Yes, You Can Beat The Bear (Here’s How)
I am a member of several Facebook groups centered around finance and investing. Lately there has been a lot of angst over the declining market. This comment reflected a common sentiment among group members:
“I have deposits that automatically go into my 401k, IRA, and brokerage account. I haven’t stopped the deposits, yet it feels incredibly counterintuitive to continuously deposit money into these accounts because I end up losing most of what I put in. It feels a little like bailing water out of a sinking ship.”
One of the hardest things to do is to buy when the market is sinking, yet it is one of the surest ways of building wealth over time. Large corrections happen, and then the market always recovers. To growth wealthy in the stock market, you have to think long-term. Short-term corrections are going to happen. If you ride out these corrections, you should profit in the long run.
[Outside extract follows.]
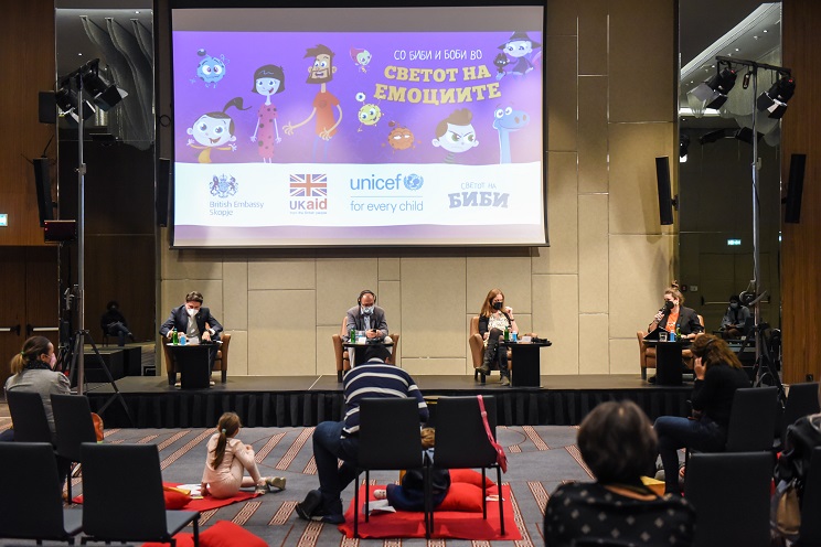 УНИЦЕФ, Амбасадата на Обединетото Кралство во Скопје и „Светот на Биби“ покренаа нова иницијатива за поддршка на родителите при развивање вештини за користење активности за социјален и емоционален развој на децата преку игра.Новата иницијатива на УНИЦЕФ и „Светот на Биби“, финансирана од Амбасадата на Обединетото Кралство, опфаќа серија анимирани приказни, сликовници и друг материјал за поддршка на социјалното и емоционалното учење во најраните години од животот. Иницијативата беше претставена вчера на онлајн-работилница каде што родителите можеа да комуницираат со експерти и да добијат практични совети за активности со кои ќе им се помогне на децата да научат како да ги препознаат и да се справат со емоциите.

What this person is doing is dollar-cost averaging. This is simply a strategy of making periodic investments into the market. Dollar-cost averaging is a great strategy when the market is declining, and you are worried about further declines. As the market declines, each periodic purchase nets you more shares than the previous purchase, lowering your overall cost basis. It’s a way of hedging your bets in a declining market.
Consider the fact that the market always recovers, and then notice that your fixed investments are buying more shares as the market goes down. If you invest $100 at $10 a share, you have 10 shares. If the share price declines to $8, your $100 bought you 12.5 shares. When your shares recover back to $10, your 12.5 shares are now worth $125. So, keep buying steadily, taking comfort in the fact that the market has always recovered from these declines.
Armed with that information, here is another piece of advice I can give you. Stop looking at your account value! During the bear market of 2008-2009, my 401K went down about 40%. That was a big hit. If I had been looking at the value every day, it would have been quite stressful.
However, I stopped looking at my 401k. I didn’t look at it for months. I kept thinking about the long-term. I automatically dollar-averaged cheaper and cheaper shares as the market went down. Then that bear market ended and we started the longest-running bull market in American history.
I know people who stopped investing in that 2008 bear market. They were like the person who posed the question above. Why should you keep investing if the market keeps going down? Well, because it eventually stops going down and heads back up, and you simply can’t know when that will happen.
Don’t think you can time the market. But it will eventually recover, and you will profit if you just stay the course and keep steadily investing.